Roger gave a short, awkward nod. In actuality, he had no clear notion what had been done to Jamie Fraser—and had no wish to know more than he did. He knew about the scars on Fraser’s back, though, and knew from the few things Claire had said that these were but a faint reminder.

“He knew,” she said steadily. “And he knew what had to be done. He told me—if I wanted to be . . . whole . . . again, I had to find a way to forgive Stephen Bonnet. So I did.”

He had Brianna’s hand in his, held so tight that he felt the small shift of her bones. She had not told him, he had not asked. The name of Stephen Bonnet had never been mentioned between them, not until now.

“You did.” He spoke gruffly, and had to stop to clear his throat. “You found him, then? You spoke to him?”

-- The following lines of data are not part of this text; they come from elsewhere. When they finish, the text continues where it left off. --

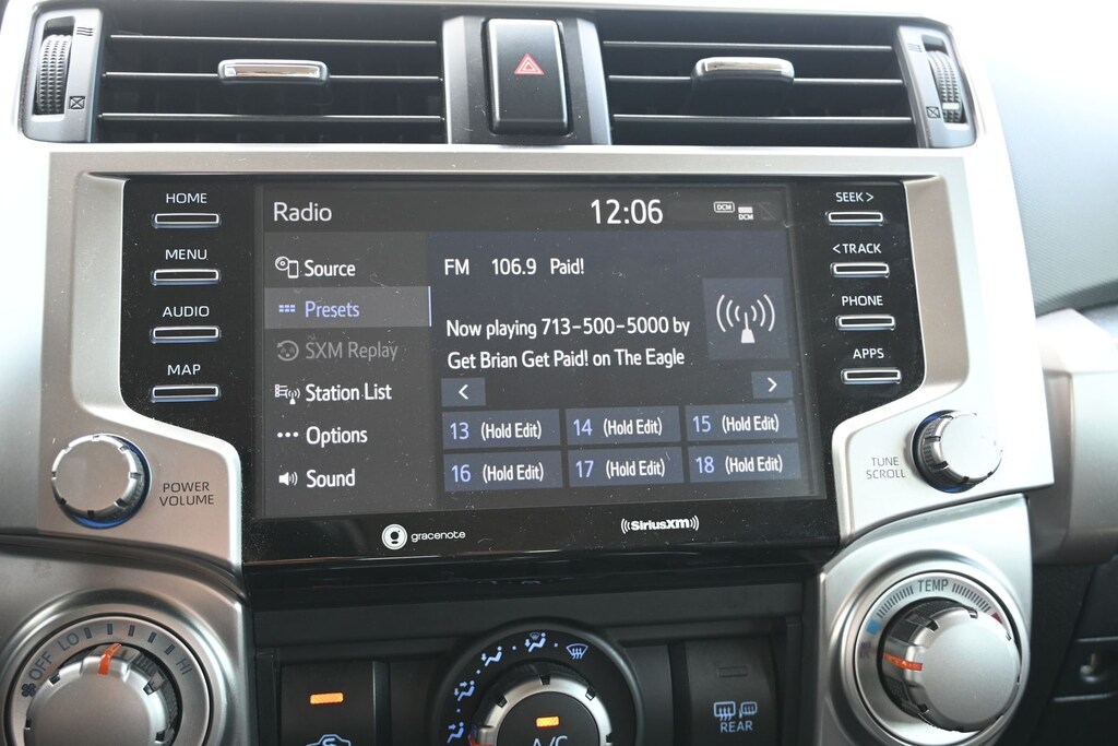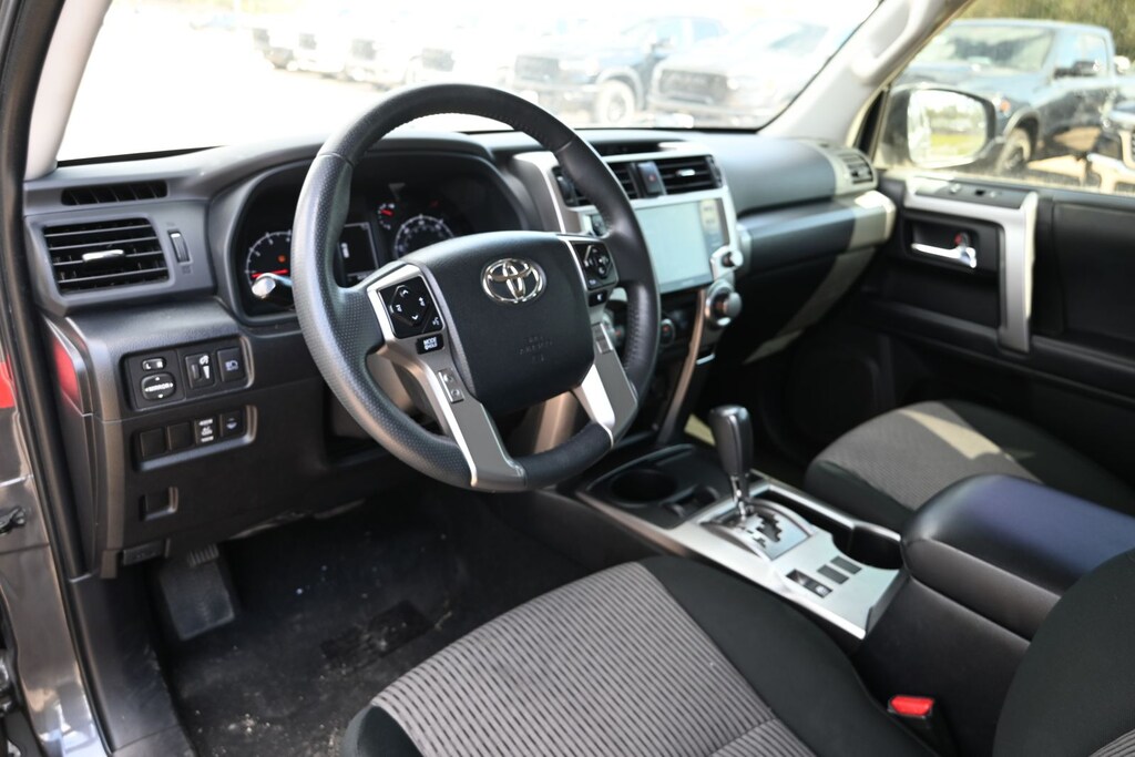 Gray 2023 Toyota 4Runner SR5 RWD 5-Speed with ECT 4.0L V6 DOHC 24V Cloth, 17" 6-Spoke Alloy Wheels, 4-Wheel Disc Brakes, 8 Speakers, ABS brakes, Air Conditioning, Alloy wheels, AM/FM radio: SiriusXM, Apple CarPlay/Android Auto, Auto High-beam Headlights, Bumpers: body-color, Dual front impact airbags, Electronic Stability Control, Exterior Parking Camera Rear, Front Bucket Seats, Front fog lights, Heated door mirrors, Leather Shift Knob, Leather steering wheel, Panic alarm, Power door mirrors, Power driver seat, Power steering, Power windows, Rear window defroster, Rear window wiper, Remote keyless entry, Security system, Speed control, Speed-sensing steering, Spoiler, Steering wheel mounted audio controls, Telescoping steering wheel, Tilt steering wheel, Traction control, Variably intermittent wipers.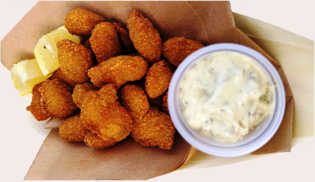 Gepaneerde torpedoschrimps met huisbereide tartaar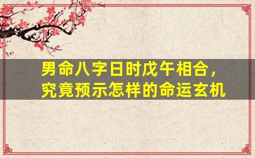 在八字命理中,日时柱的戊午相合(通常指午火生戊土,或戊土与午中己土相合)需要结合整体命局分析,才能准确解读其命运玄机。以下是关键角度的解析: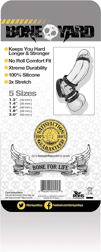 These man toys are designed with superior materials and production, thus increasing both comfort and lifespan. The iconic Boneyard-branded design has a sleek silicone finish and features a superior and durable 3X-stretch. The soft medical grade silicone rings and non-roll design provide a snug fit that both the wearer and his partners will appreciate. Keep you hard longer and stronger. Safe with all lubricants. Package includes five rings: 30mm (1.2 in.), 35mm (1.4 in.), 40mm (1.6 in.), 45mm (1.8 in.), 50mm (2 in.)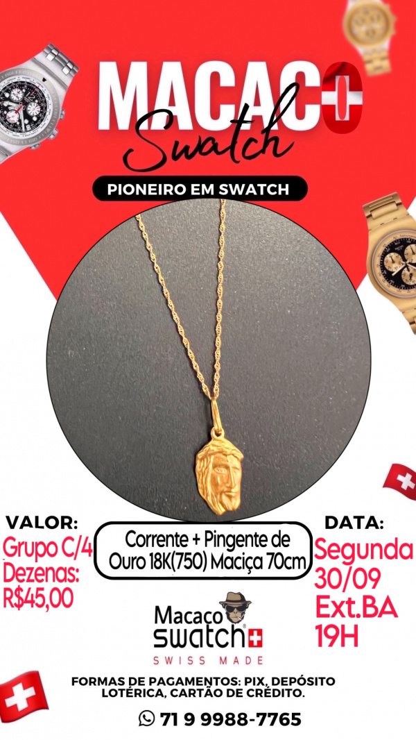 • 1 Corrente + Pingente de Ouro 18K(750) Maciça 70cm

She brushed wet hair back from her face, nodding. Grey had come to her, told her that Bonnet had been taken, condemned. Awaiting transport to Wilmington and execution, he was being held in the cellar beneath the Crown warehouse in Cross Creek. It was there that she had gone to him, bearing what she hoped was absolution—for Bonnet, for herself.

“I was huge.” Her hand sketched the bulge of advanced pregnancy before her. “I told him the baby was his; he was going to die, maybe it would be some comfort to him, to think that there’d be . . . something left.”

Roger felt jealousy grip his heart, so abrupt in its attack that for a moment, he thought the pain was physical. Something left, he thought. Something of him. And what of me? If I die tomorrow—and I might, girl! Life’s chancy here for me as well as you—what will be left of me, tell me that?

He oughtn’t ask, he knew that. He’d vowed never to voice the thought that Jemmy was not his, ever. If there was a true marriage between them, then Jem was the child of it, no matter the circumstances of his birth. And yet he felt the words spill out, burning like acid.

“So you were sure the child was his?”

She stopped dead and turned to look at him, eyes wide with shock.

“No. No, of course not! If I knew that, I would have told you!”

The burning in his chest eased, just a little.

“Oh. But you told him it was—you didn’t say to him that there was doubt about it?”

“He was going to die! I wanted to give him some comfort, not tell him my life story! It wasn’t any of his goddamn business to hear about you, or our wedding night, or—damn you, Roger!” She kicked him in the shin.

He staggered with the force of it, but grabbed her arm, preventing her from running off.

“I’m sorry!” he said, before she could kick him again, or bite him, which she looked prepared to do. “I’m sorry. You’re right, it wasn’t his business—and it’s not my business, either, to be making you think of it all again.”

She drew in a deep breath through her nose, like a dragon preparing to sear him into ash. The spark of fury in her eyes lessened slightly, though her cheeks still blazed with it. She shook off his hand, but didn’t run away.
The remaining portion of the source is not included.